--- TASK INSTRUCTIONS ---
Only the lines from the beginning of the material below through the line with "A blend of mid-century" should be retyped exactly, and pictures are to be skipped.

--- PROVIDED MATERIAL ---
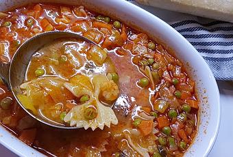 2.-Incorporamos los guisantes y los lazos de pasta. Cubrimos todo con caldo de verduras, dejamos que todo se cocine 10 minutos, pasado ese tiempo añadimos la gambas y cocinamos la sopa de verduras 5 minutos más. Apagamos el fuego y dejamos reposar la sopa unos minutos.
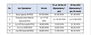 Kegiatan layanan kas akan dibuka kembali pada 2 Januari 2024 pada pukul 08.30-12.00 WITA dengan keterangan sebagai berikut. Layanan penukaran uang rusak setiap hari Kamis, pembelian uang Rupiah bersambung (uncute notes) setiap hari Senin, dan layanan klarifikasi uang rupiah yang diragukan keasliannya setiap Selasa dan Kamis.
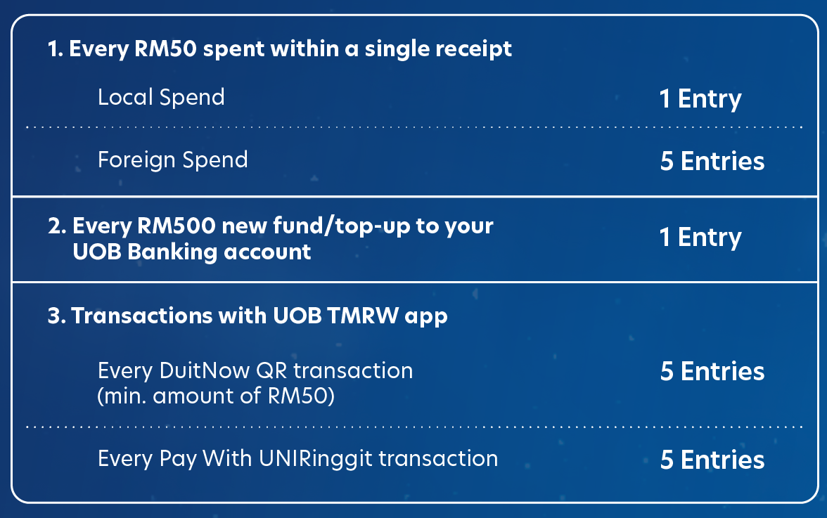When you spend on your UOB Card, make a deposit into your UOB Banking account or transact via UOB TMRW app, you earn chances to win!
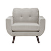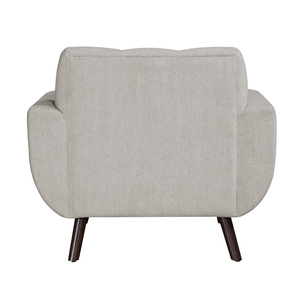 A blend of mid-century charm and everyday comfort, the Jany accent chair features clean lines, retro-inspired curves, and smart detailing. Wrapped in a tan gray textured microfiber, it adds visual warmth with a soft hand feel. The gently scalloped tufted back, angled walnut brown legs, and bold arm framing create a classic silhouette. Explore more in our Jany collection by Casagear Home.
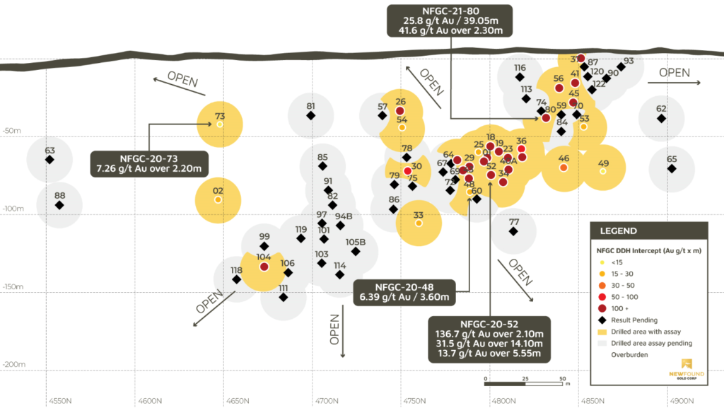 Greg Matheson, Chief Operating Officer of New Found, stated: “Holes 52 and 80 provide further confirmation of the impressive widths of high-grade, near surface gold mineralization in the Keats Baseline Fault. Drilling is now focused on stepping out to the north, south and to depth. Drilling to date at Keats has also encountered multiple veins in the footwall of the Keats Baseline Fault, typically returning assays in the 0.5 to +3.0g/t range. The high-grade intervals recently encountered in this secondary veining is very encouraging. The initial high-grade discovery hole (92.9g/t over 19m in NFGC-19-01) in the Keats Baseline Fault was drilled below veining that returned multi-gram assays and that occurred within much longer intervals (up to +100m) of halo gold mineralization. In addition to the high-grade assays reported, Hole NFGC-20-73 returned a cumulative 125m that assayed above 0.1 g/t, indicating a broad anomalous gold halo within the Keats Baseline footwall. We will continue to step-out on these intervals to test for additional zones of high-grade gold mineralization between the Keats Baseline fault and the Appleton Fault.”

--- OUTPUT FOR THIS TASK ---
 2.-Incorporamos los guisantes y los lazos de pasta. Cubrimos todo con caldo de verduras, dejamos que todo se cocine 10 minutos, pasado ese tiempo añadimos la gambas y cocinamos la sopa de verduras 5 minutos más. Apagamos el fuego y dejamos reposar la sopa unos minutos.
 Kegiatan layanan kas akan dibuka kembali pada 2 Januari 2024 pada pukul 08.30-12.00 WITA dengan keterangan sebagai berikut. Layanan penukaran uang rusak setiap hari Kamis, pembelian uang Rupiah bersambung (uncute notes) setiap hari Senin, dan layanan klarifikasi uang rupiah yang diragukan keasliannya setiap Selasa dan Kamis.
When you spend on your UOB Card, make a deposit into your UOB Banking account or transact via UOB TMRW app, you earn chances to win!
 A blend of mid-century charm and everyday comfort, the Jany accent chair features clean lines, retro-inspired curves, and smart detailing. Wrapped in a tan gray textured microfiber, it adds visual warmth with a soft hand feel. The gently scalloped tufted back, angled walnut brown legs, and bold arm framing create a classic silhouette. Explore more in our Jany collection by Casagear Home.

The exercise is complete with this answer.